The fight took place at the end of January, so I went to Stockholm for four days and there was a pre-party. I also timed it pretty well as I got to do some interviews with some Swedish magazines while I was there. It was a great weekend for me and Kevin Stani, who’s a massive UFC fan and got me into it, so it was good to be able to bring him — a no brainer really.

Have you had any other celebrity encounters since your win?

While I was in LA I got to meet Nick Diaz, who’s another really famous UFC fighter. Just by coincidence, me and Mark Radoja stumbled across him outside a bar on a Monday night and next thing we know we’re doing shots with him before going to an after party, so that was a lot of fun.

Then, I got invited to train at his gym in Las Vegas this summer while I’m playing in the World Series [of Poker]!

Can you tell us about the patches you wore at the final table and the charitable pledges you’ve committed to?

When I made the final table there were two things I wanted to do apart from the technical and mental preparations. I wanted to get a sponsorship deal and I also wanted to do something for a charity, as it was a really good exposure opportunity for both of those things.

Since poker is pretty dry these days it’s hard to get a deal with a poker site because the market isn’t what it used to be, in Sweden at least. Going with a poker site might’ve been the most profitable thing for me. They were the ones able to offer the most money, but it wasn’t worth it for all the commitments. I thought it would be more fun to seek sponsorships with companies that I think are fun and products that I use. I managed to get sponsored by a supplement company whose products I was using all summer. They were a new starter company too, so were really excited about having me involved.

The other part I wanted to do was to get involved with a charity, but I didn’t have the time to research as much as I would’ve liked. However, I had heard of this REG (Raising for Effective Giving) initiative. I went on their website and read what it was all about and it seemed perfect for me, since I didn’t have time to do the research myself. They analyze hundreds of different charities to find the most effective ones and since several of my good friends are involved, and I trust their judgement, I went with my intuition and decided it was exactly what I wanted to do. I signed up and pledged to give five percent of my winnings.

Where exactly will your pledged money go?

How it works is that they go through as many charities as they can, to find the most effective ones, where the money does the most benefit, and have 10-15 listed on their website. Then what you do is donate every quarter out of whatever you’ve been winning. If you haven’t been winning, you don’t have to donate anything.

You can choose specific charities if you feel stronger about something. I feel stronger about animal charities, so I chose to donate half of the money towards them and spread it across many different ones. There are some that focus on factory farming and try to help find a better environment for those animals.
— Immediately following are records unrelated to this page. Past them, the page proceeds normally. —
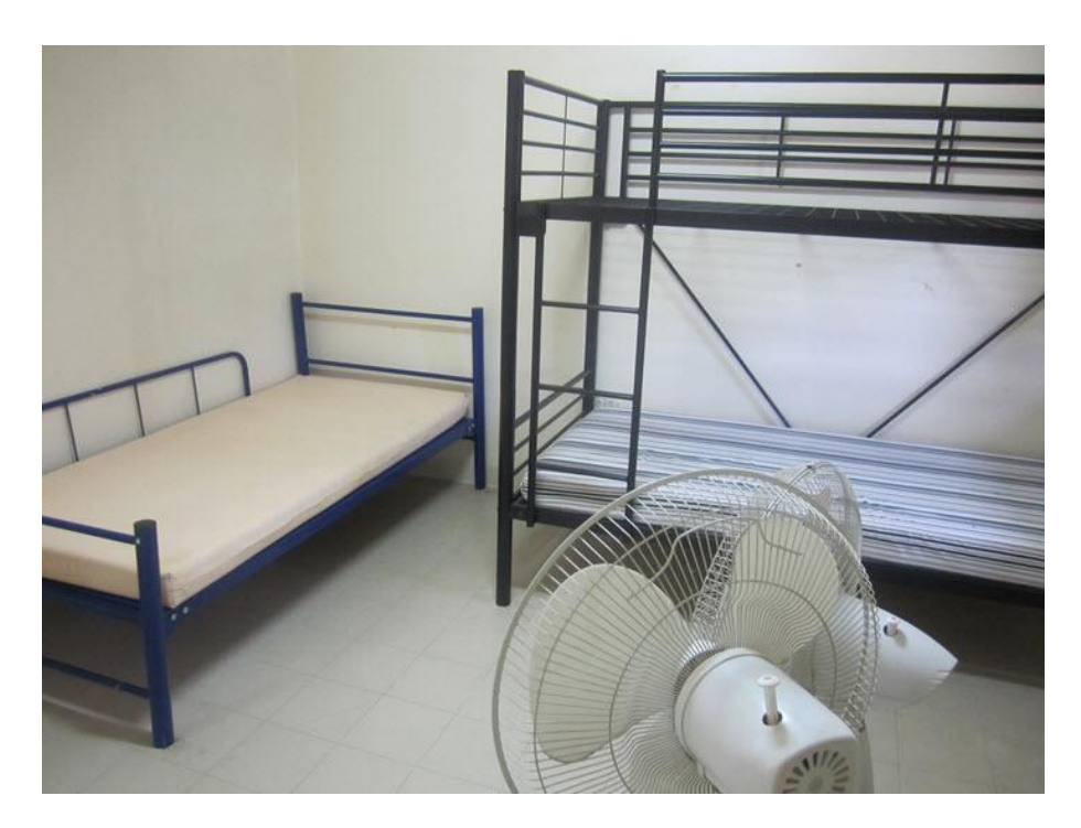
Bedroom, Fowler compound, Villawood IDC, February 2011.

129. The Commission welcomed the announcement by the Australian Government in May 2009 that funding would be allocated for a major redevelopment of Villawood IDC, and welcomes efforts made since that time in the planning and design phase. Pending the major redevelopment, some smaller interim works have been undertaken at Villawood IDC. 121 While the Commission welcomes these interim works, it remains of the view that the major redevelopment should be undertaken as soon as possible. 122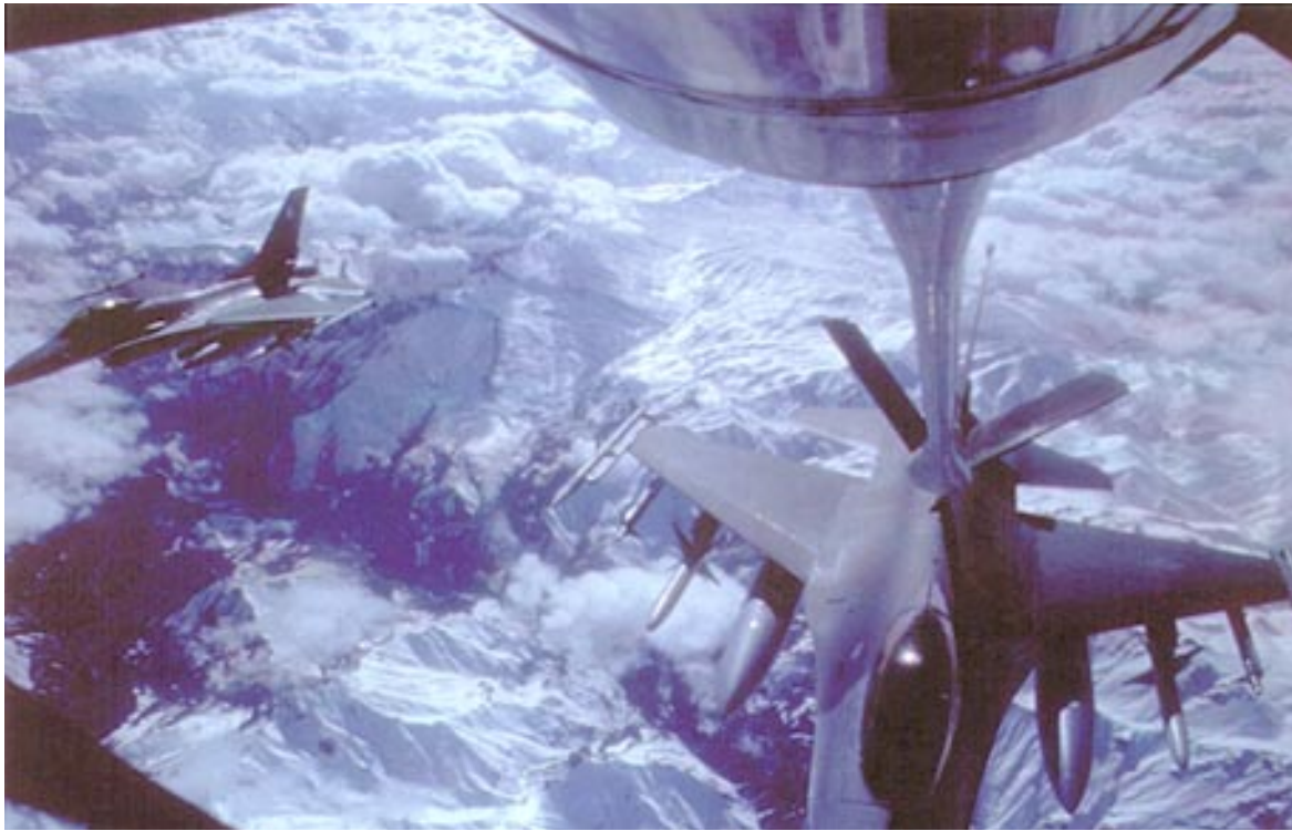
F-16 refueling during Provide Comfort.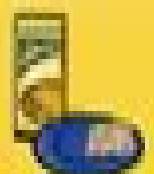
Cooked pasta or noodles 125 ml (1/2 cup)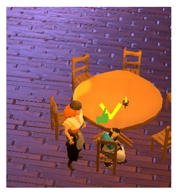
Figure 10 satisfied customer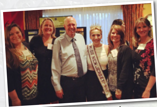
Supporting Youth Empowerment Services of New Brunswick's Fund Raiser

RFCU - Serving the RU Community All Year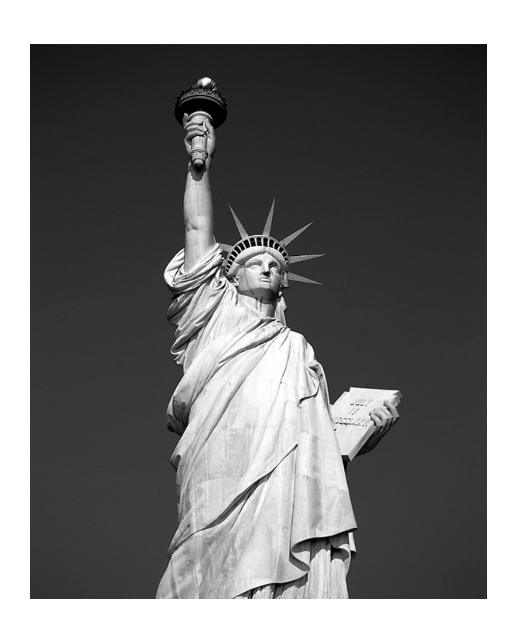
New York State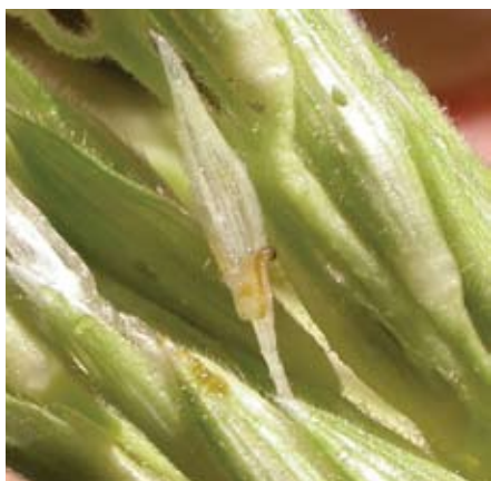
Tiny ECB caterpillars feed inside the florets of the tassel. Look for the black head capsule, brownish damage and frass (excrement).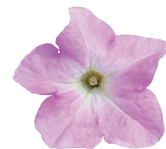
Light Pink PH0404P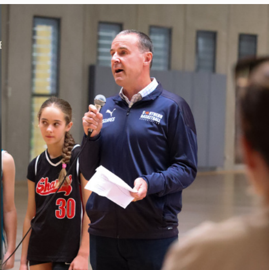
SATURDAY 3RD FEBRUARY 2024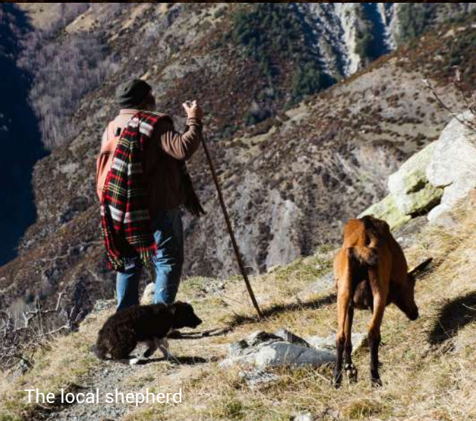
The local shepherd

Intangible Heritage of Humanity by UNESCO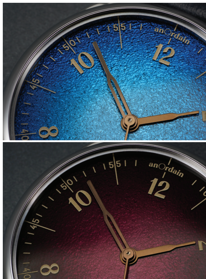
Figure 1. Details of the finished 'blue' and 'plum' fumé dials housed in the Model 1 case.

The process of vitreous enamelling requires the fusing of finely powdered glass on to metal using heat. Enamelling is one of those rare techniques that bridges nature and chemistry. The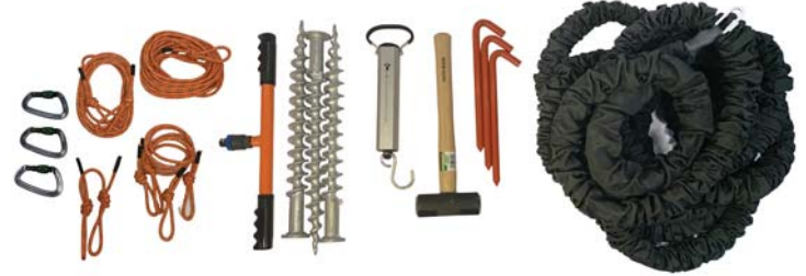
Bungee Launch System components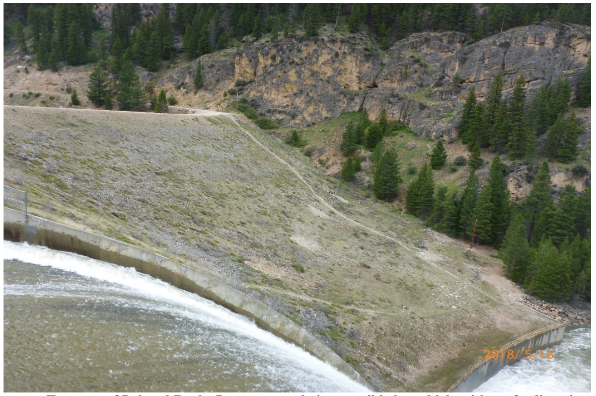
Toe area of Painted Rocks Dam, currently inaccessible by vehicle without fording river.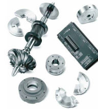
MSG TURBO-AIR Centrifugal Compressor Replacement Parts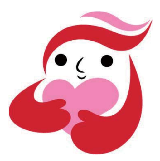
The crime victim support symbol mark Gyutto-chan (holding a victim tight)

In 2004, the Ministry of Health, Labour and Welfare is conducting intensive advocacy activities during November as the Month to Promote Prevention of Child Abuse to deepen the understanding and to raise awareness of every parts of the society on child abuse in collaboration with related ministries and agencies, local governments, and related organizations. In fiscal year 2014, the Ministry of Health, Labour and Welfare adopted a monthly slogan, "Don't hesitate. Let us know and be connected in the circle of life", held a National Forum on Child Abuse Prevention in Wakayama City (November 24), prepared and distributed posters, leaflets, and handbooks that introduce the Child Guidance Centers' nation-wide common hotline, and thus, through Government PR media and various media (radio and Internet TV, etc.), propagated the principle that child abuse is an issue to be resolved by society as a whole.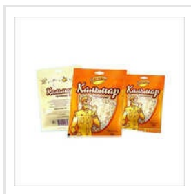
Printed 3 Side Seal Pouches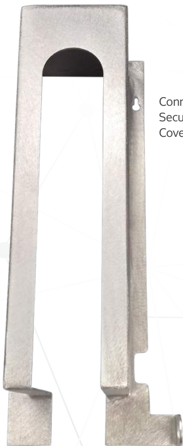
Connection Security Cover

Locking Kit secures twist lock connectors and breaker switch on RESTORE-LITE® units.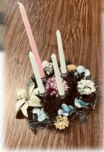
Advent Wreath designed by the elementary Sunday school class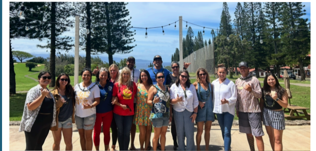
Makai Watch Coordinators' Gathering in Honolua, Maui 2026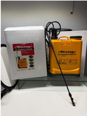
99. V - NEW NEILSEN 20 LITRE GARDEN SPRAYER WITH CARRY STRAPS, HEAVY DUTY TRIGGER CONTROL (CT2352)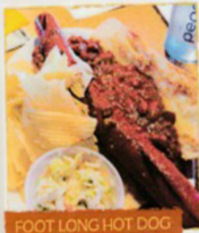
FOOT LONG HOT DOG

Bacon Cheeseburger Wrap Ground beef, bacon, cheddar cheese, lettuce, tomato and Vidalia dip 8.95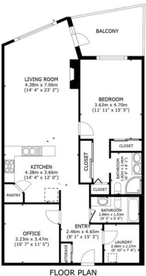
#203-9708 110 ST RIVERVIEW GREEN WIKWENTOWIN, EDMONTON

GROSS INTERNAL AREA FLOOR PLAN: 105.00 m 2 (1,115 sq. ft.) TOTAL: 105.00 m 2 (1,115 sq. ft.) SIZES AND DIMENSIONS ARE APPROXIMATE, ACTUAL MAY VARY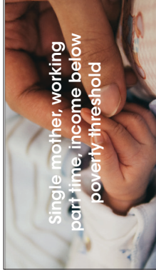
Single mother, working part-time, income below poverty threshold

Current or Future Policy Priority (high, moderate, low)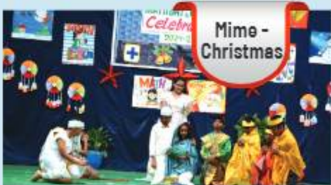
Mime - Christmas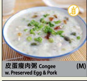
皮蛋瘦肉粥 Congee w. Preserved Egg & Pork (M)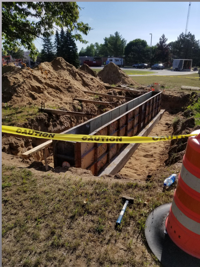
New sign at Fisher Road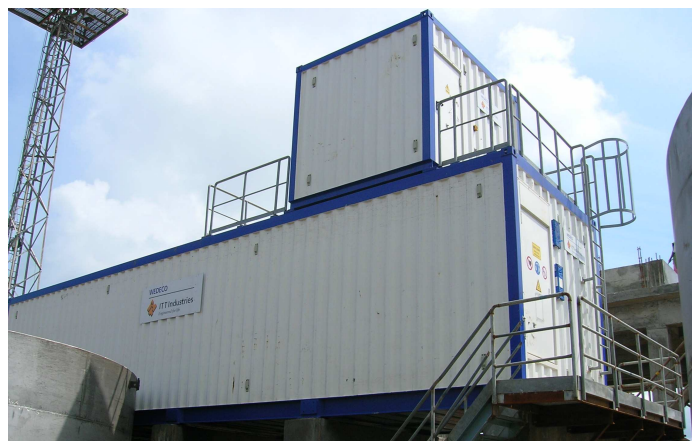
Figure 3: Worldwide largest Z-Compact System, ITC Bhadrachalam

For further information please contact: Wedeco AG · Boschstr. 4 · D-32051 Herford · Germany phone 0049 5221 930 - 0 · fax 0049 5221 930 - 249 www.wedeco.com · wedeco.de@itt.com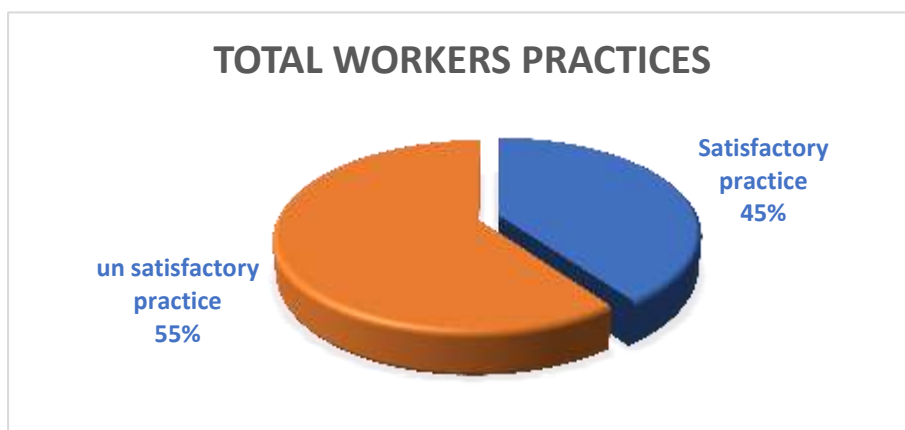
Figure (3): Percentage Distribution of the Studied Worker's Total Practices regarding Prevention of Lead Pollution (n=100).

Fig (3): Shows that, 45 % of the studied worker had a satisfactory level in total practices regarding prevention of lead pollution. While 55 % of them had unsatisfactory total practices regarding the prevention of lead pollution.

The other 50 percent went to a meta-charity that aims to get more people involved in charities, host seminars, advertise, and generally get more people on board. This is an ongoing commitment now, too. Every quarter I’ll give five percent of my potential winnings.

Lastly, have you bought anything nice for yourself?

I just bought a house in London actually! It’s nice to be able to upgrade (laughs) as London is so expensive. Our current place is underground (a basement apartment), so it’ll be nice to live above ground.